The federal Minister for Education and Training Simon Birmingham will release a report on May 8 commissioned by the government that will allegedly indicate that universities receive adequate funding for most courses and that their revenues are growing faster than their costs.

This report will be used to justify a proposed $2.8 billion funding cut that will raise the costs of course fees and mean that students will need to repay their HECS debts sooner.

Labor has announced it will block this funding cut. But it was not so long ago that the Julia Gillard Labor government proposed cuts to tertiary education and the end of the student start-up scholarship payments, policies that were later taken up by the Tony Abbott coalition government under former education minister Christopher Pyne.

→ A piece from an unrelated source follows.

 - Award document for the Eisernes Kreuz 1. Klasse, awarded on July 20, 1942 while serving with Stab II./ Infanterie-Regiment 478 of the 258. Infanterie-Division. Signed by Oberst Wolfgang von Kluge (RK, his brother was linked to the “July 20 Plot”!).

This latest round of proposed funding cuts comes after $3.9 billion has been cut from university funding since 2011, as well as $3.7 billion cut from university infrastructure funding.

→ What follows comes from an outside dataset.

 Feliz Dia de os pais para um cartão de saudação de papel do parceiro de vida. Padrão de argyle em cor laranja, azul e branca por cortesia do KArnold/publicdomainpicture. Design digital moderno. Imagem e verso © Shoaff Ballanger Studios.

Almost 40% of Australia’s population engage in university education, but the government funds universities at below the OECD average. With a free education system, Finland has the same participation rate with twice the government expenditure. In 2014 Germany abolished tuition fees, less than 10 years after their failed experiment of introducing fees.

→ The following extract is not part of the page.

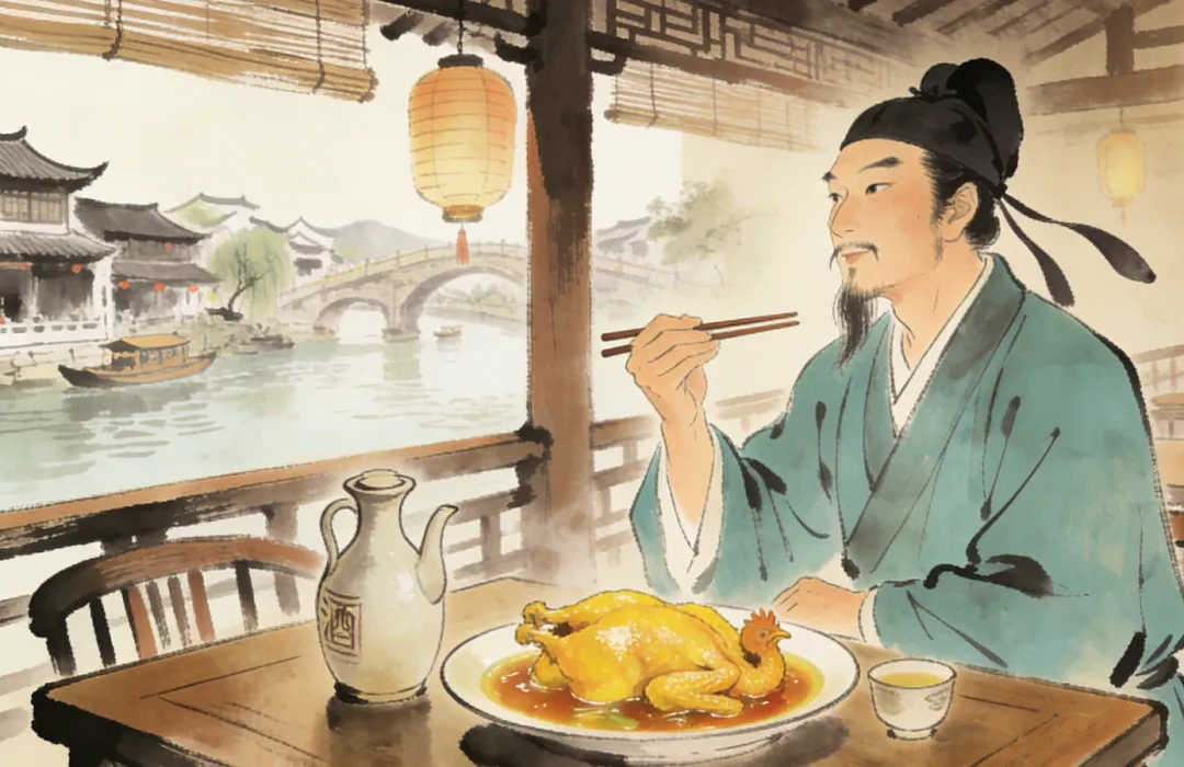 如今,淮安淮阴的运河风光依旧旖旎,酒焖黄鸡成了当地的特色文旅美食,游客们循着诗句而来,赏运河美景、尝诗仙同款黄鸡,感受这份跨越千年的温情。

When the concept of free tertiary education is raised, it is often followed by statements about the limited amount of public expenditure available. But there is little questioning of where that public expenditure is currently going.

In the 2016 budget projections for the 2016–17 financial year, more funding was allocated for private schools — $10.6 billion — than was allocated for tertiary education — $9.6 billion. Only 2% of total government spending projected for the year was allocated to higher education.

In 2016 the Australian Tax Office released a list of the 670 companies in Australia which paid no tax in the 2014–15 financial year. At the same time, billions of dollars in subsidies are given to the fossil fuel industry each year.

It is not a matter of limited public expenditure, when successive governments spend billions of dollars on private schools, fail to demand taxes from big businesses and give fossil fuel subsidies to polluting industries.

Norway, Finland, Sweden and Germany, to name just a few, are nations that provide free tertiary education. Some countries even provide free education to international students as well.

It is time for Australia to stop lagging behind Europe. Free tertiary education can be provided for via a progressive taxation system that sees the individually wealthy and corporations pay their fair share of tax.